1, University of Geneva, Geneva, , Switzerland
2, ETH Zurich, Zurich, , Switzerland
3, Swiss Light Source, Paul Scherrer Institute, Villigen, , Switzerland
4, Diamond Light Source, Didcot, , United Kingdom

In this talk we will discuss angle-resolved photoemission experiments resolving the distinct electronic structure of the inequivalent top and bottom (001) surfaces of WTe2 and MoTe2. We further use the identification of the two different surfaces to clarify the number of Fermi surface sheets presenting a unifying picture of the surface and bulk electronic structure of both compounds. We identify surface states on both surfaces, some of which form large Fermi arcs emerging out of the bulk electron pocket. All surface states observed experimentally are reproduced by electronic structure calculations.

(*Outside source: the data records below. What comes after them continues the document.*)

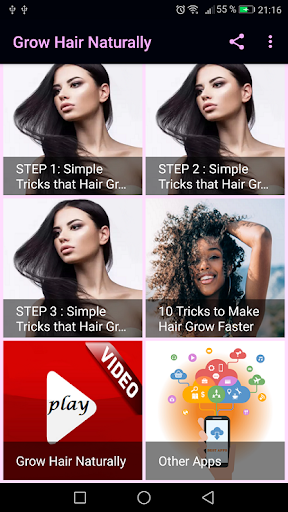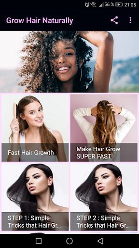 Это приложение Grow Hair Naturally поможет вам шаг за шагом получить длинные волосы. Существуют также различные прически (например: прическа, косы, дреды, кудри, афро, волнистые волосы, кручение, плетение, короткие волосы, ястреб, койли, ирокез, гана, плетение, типы кукурузных волос Wakanda (черная пантера). Натуральные прически.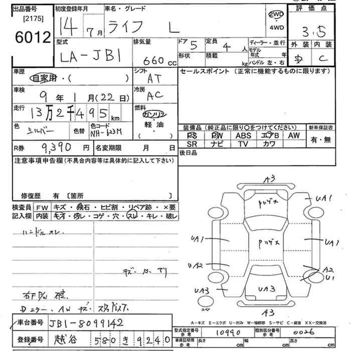 Honda LIFE с аукциона Японии JU Tokyo лот № 6012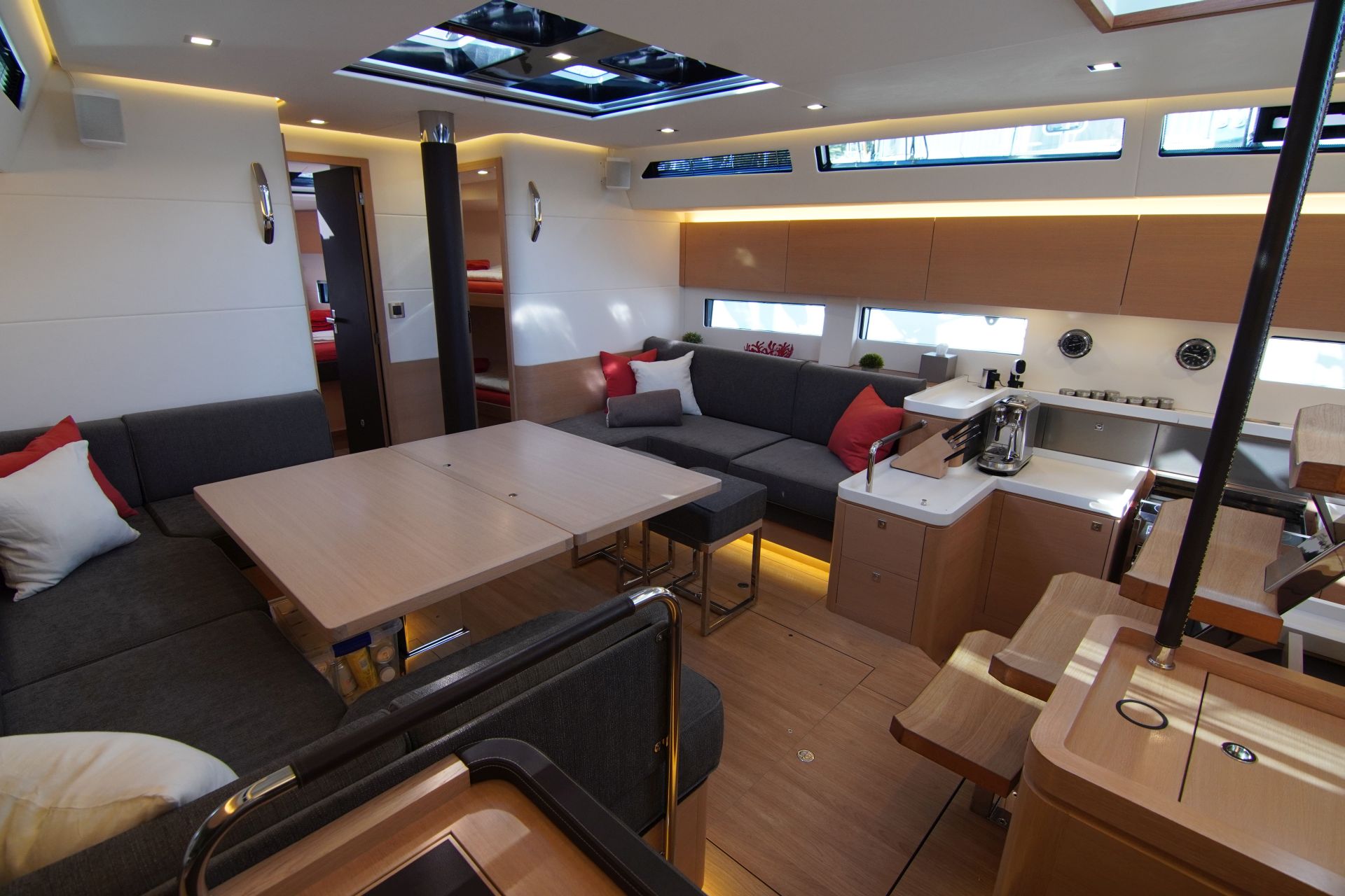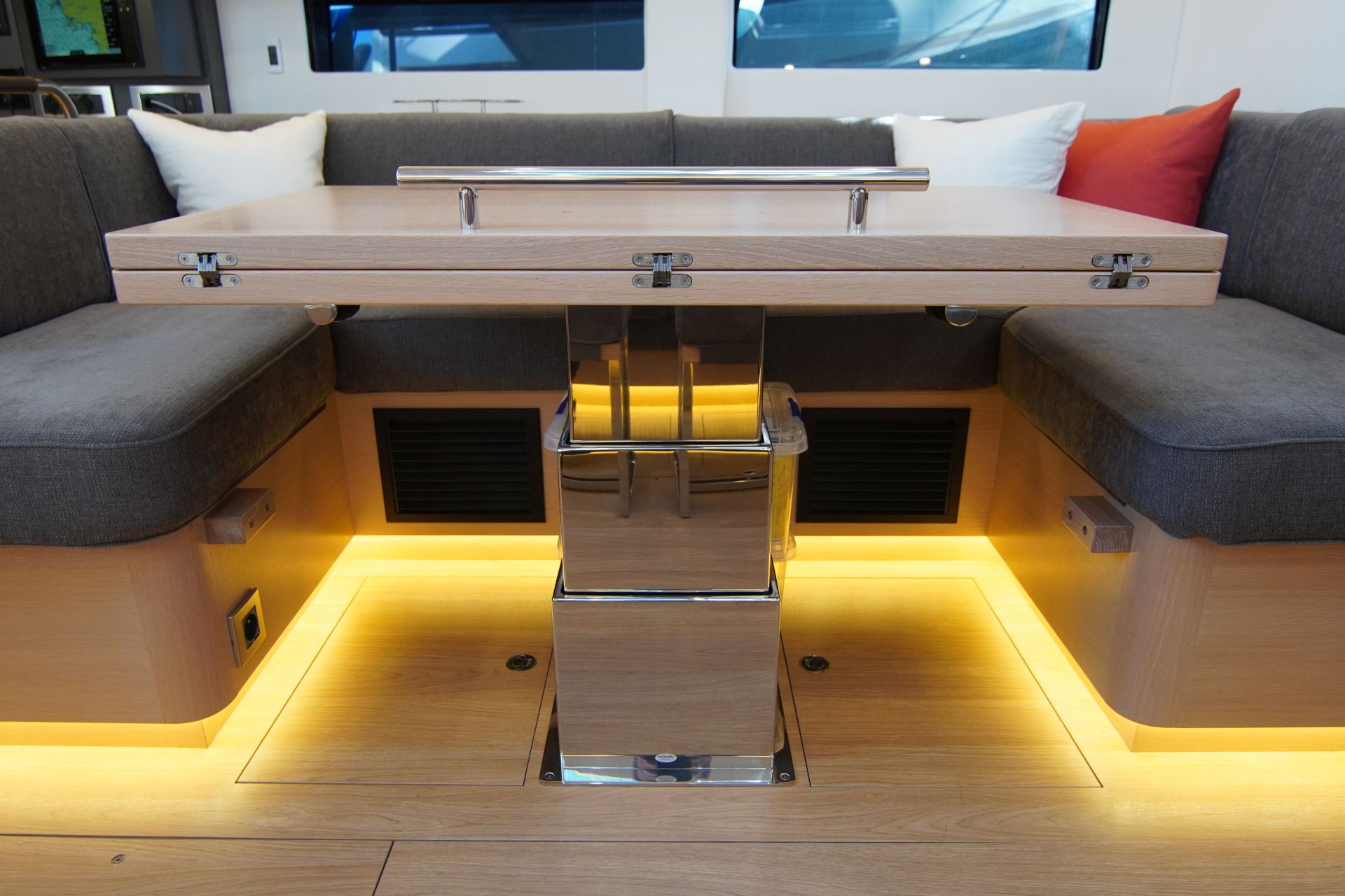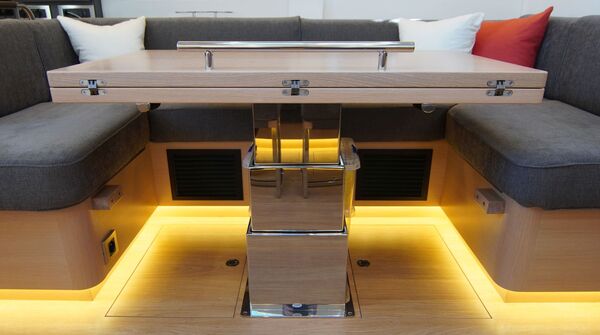 - Der Salontisch kann zu einer zusätzlichen Doppelkoje umgebaut werden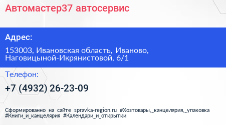 Автомастер37, автосервис по адресу 153003, Ивановская область, Иваново, Наговицыной-Икрянистовой, 6/1 в дальнейшем Организация, размещена в следующих категориях: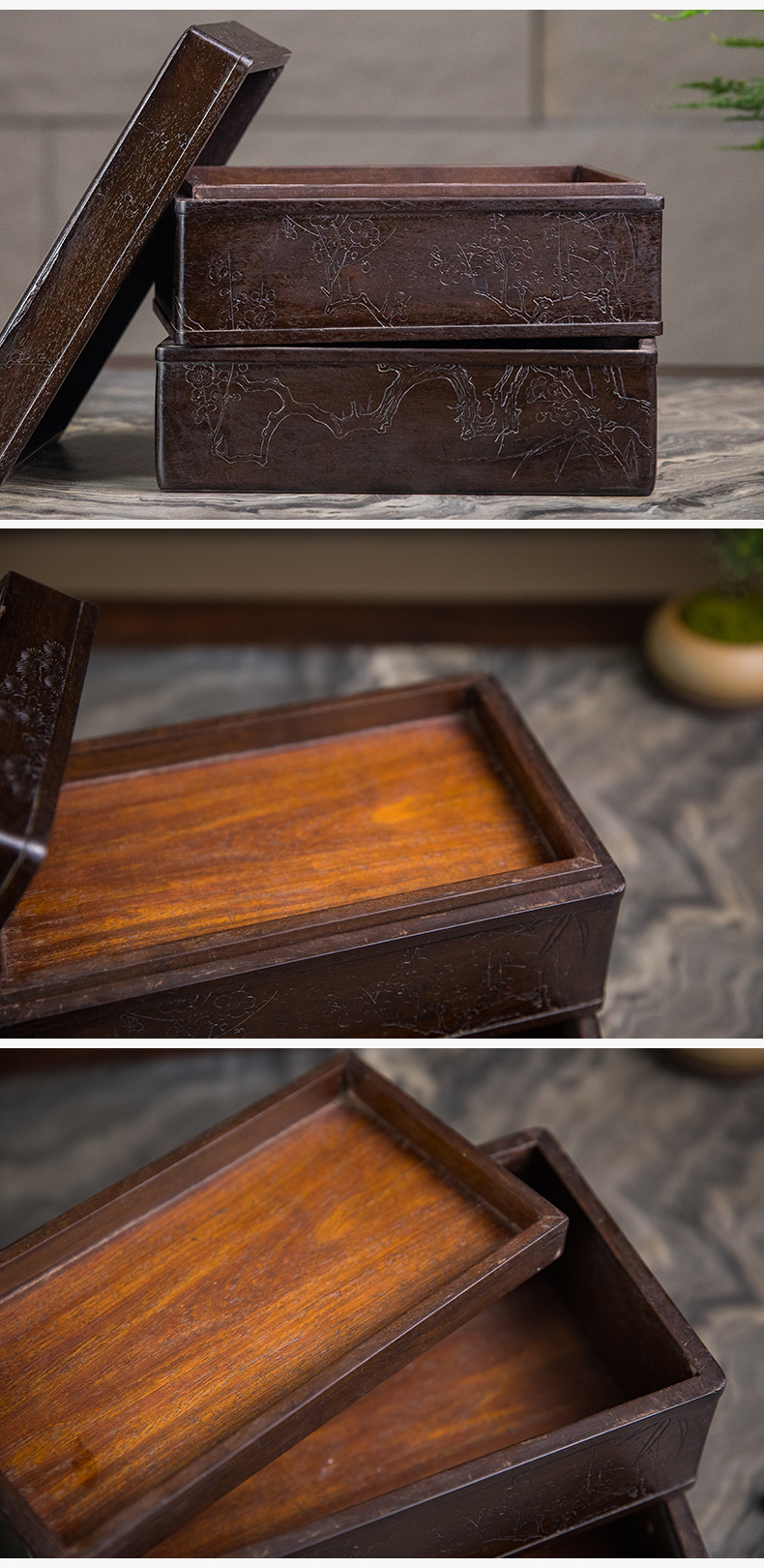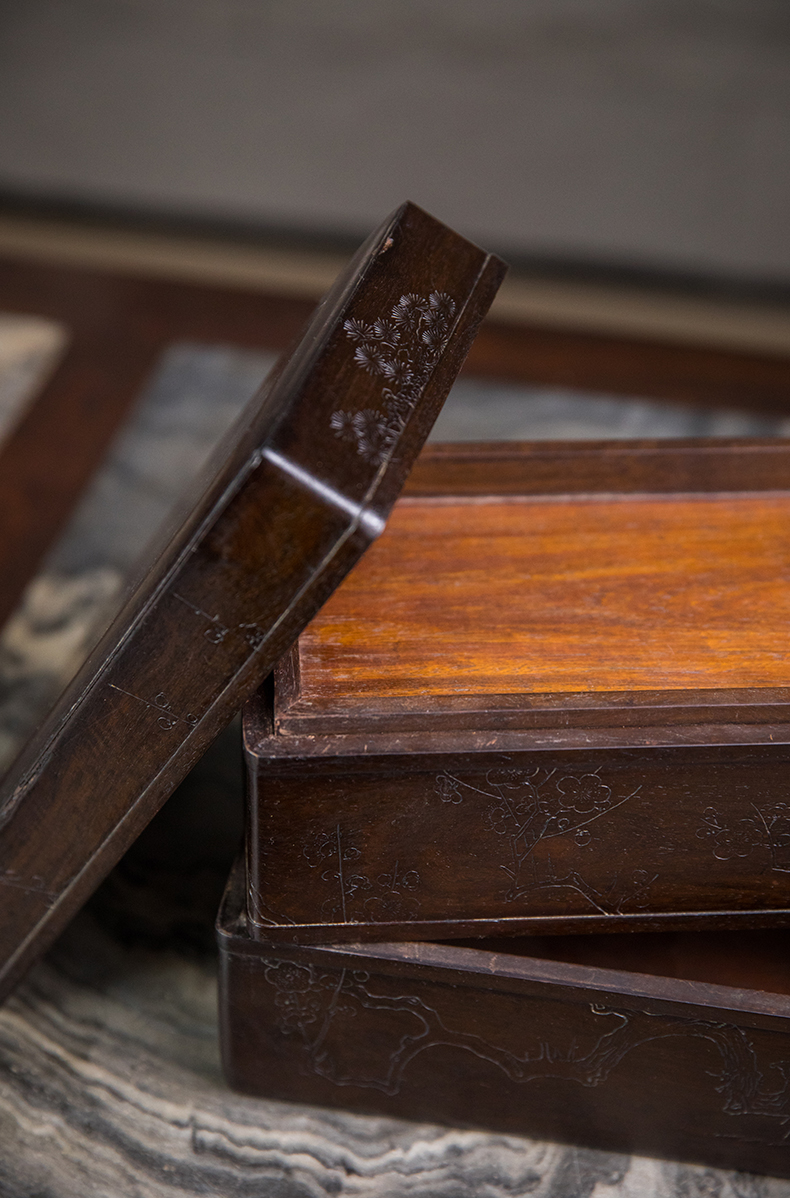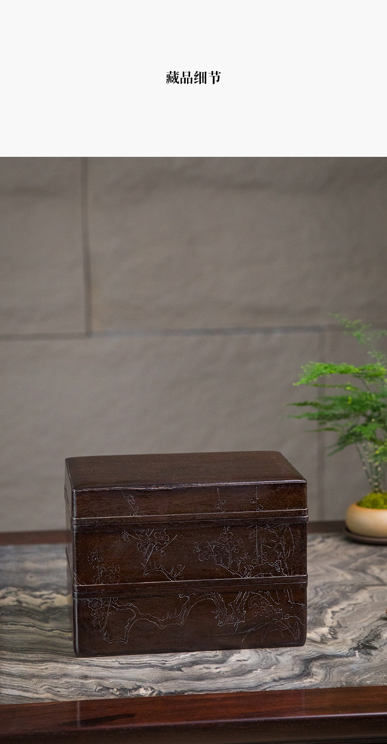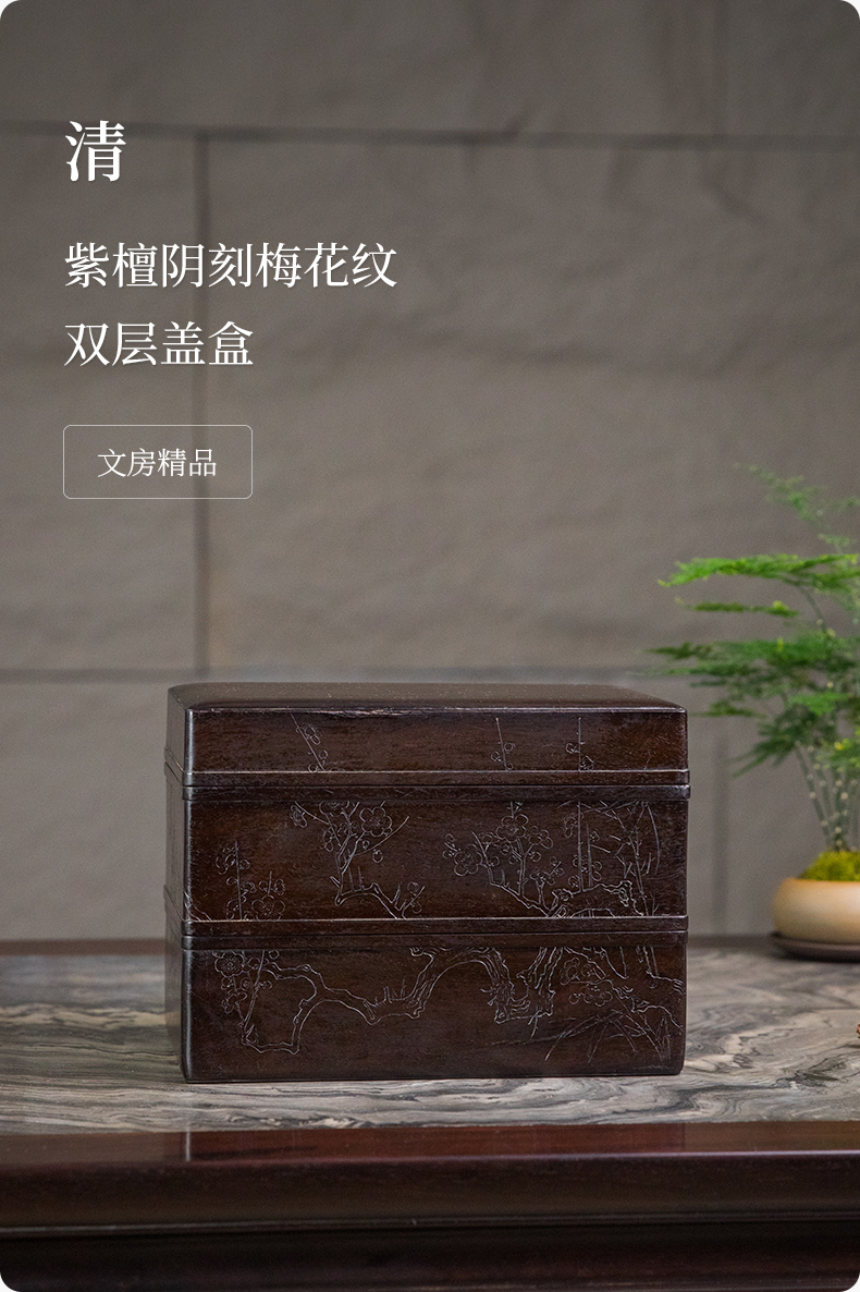 清 紫檀阴刻梅花纹双层盖盒

In the case of WTe2 the existence of Fermi arcs is independent of the presence of type-II Weyl points in the bulk band structure. This implies that the observation of surface Fermi arcs alone does not allow the identification of a material as a topological Weyl semimetal. However, the surface states observed in MoTe2 could only be reproduced by electronic structure calculations for the experimental crystal structure that predicts a topological Weyl semimetal state with eight type-II Weyl points. We further use systematic electronic structure calculations simulating different Weyl point arrangements to discuss the robustness of the identified Weyl semimetal state and the topological character of Fermi arcs in MoTe2.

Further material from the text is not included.